TASK BRIEF:
Look through the records below for the line holding "翻领蝴蝶结正肩收腰衬衫 精致刺绣气质长袖 女 新款 ONLY2025秋季". Write it out exactly, with each following line through the line holding "La Municipalidad de".

STORED DATA:
--- START ---
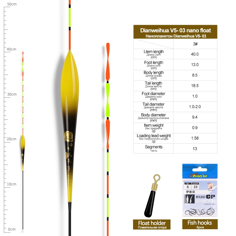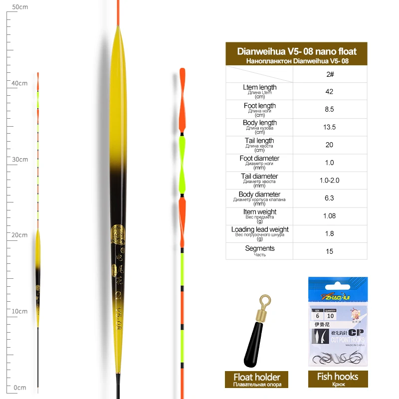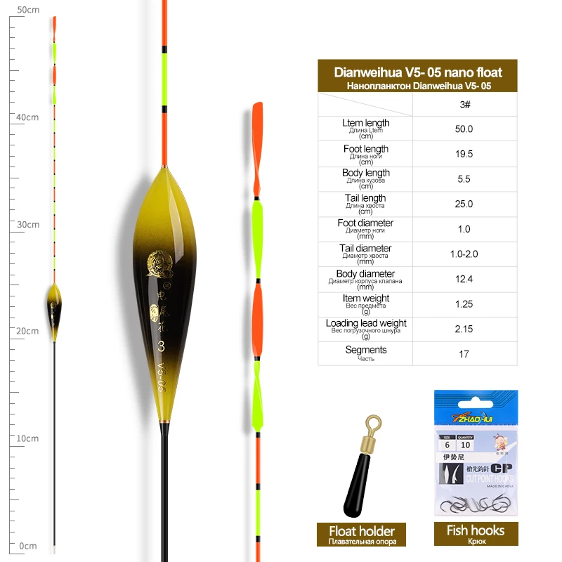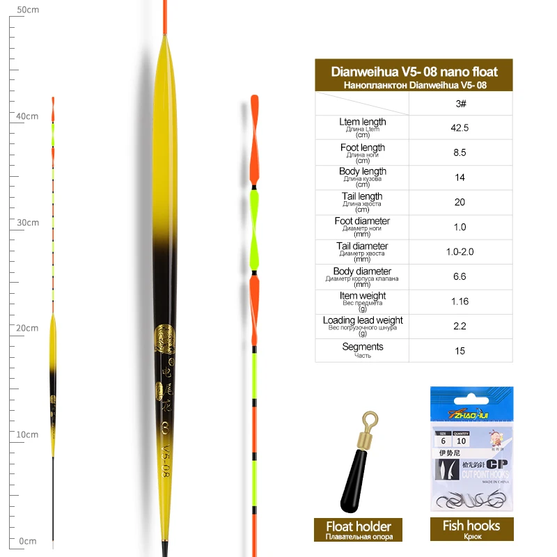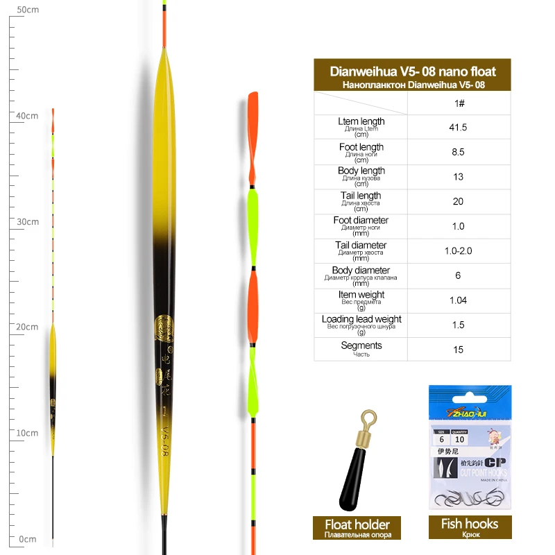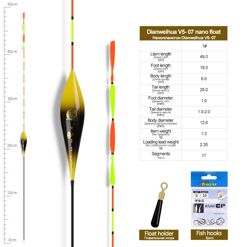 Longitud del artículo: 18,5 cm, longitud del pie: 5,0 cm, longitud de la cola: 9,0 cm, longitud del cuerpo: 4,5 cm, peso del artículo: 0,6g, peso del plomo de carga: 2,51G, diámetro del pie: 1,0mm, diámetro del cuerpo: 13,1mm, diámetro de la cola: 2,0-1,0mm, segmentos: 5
--- END ---
--- START ---
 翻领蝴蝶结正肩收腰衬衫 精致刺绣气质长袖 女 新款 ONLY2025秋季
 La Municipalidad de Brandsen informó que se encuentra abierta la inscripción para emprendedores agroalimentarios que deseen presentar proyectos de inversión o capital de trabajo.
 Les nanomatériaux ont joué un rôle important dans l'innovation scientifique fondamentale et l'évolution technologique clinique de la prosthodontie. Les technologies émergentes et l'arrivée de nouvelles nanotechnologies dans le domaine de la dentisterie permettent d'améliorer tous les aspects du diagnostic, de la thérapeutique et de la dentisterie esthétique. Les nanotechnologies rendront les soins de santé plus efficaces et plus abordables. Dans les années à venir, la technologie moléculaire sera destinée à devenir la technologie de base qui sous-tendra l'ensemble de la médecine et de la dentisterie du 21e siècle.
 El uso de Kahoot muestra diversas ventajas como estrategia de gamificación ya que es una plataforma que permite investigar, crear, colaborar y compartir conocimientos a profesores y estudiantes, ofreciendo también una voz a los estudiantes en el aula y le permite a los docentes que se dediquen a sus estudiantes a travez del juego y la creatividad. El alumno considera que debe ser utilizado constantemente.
--- END ---
RESPONSE AREA:
 翻领蝴蝶结正肩收腰衬衫 精致刺绣气质长袖 女 新款 ONLY2025秋季
 La Municipalidad de Brandsen informó que se encuentra abierta la inscripción para emprendedores agroalimentarios que deseen presentar proyectos de inversión o capital de trabajo.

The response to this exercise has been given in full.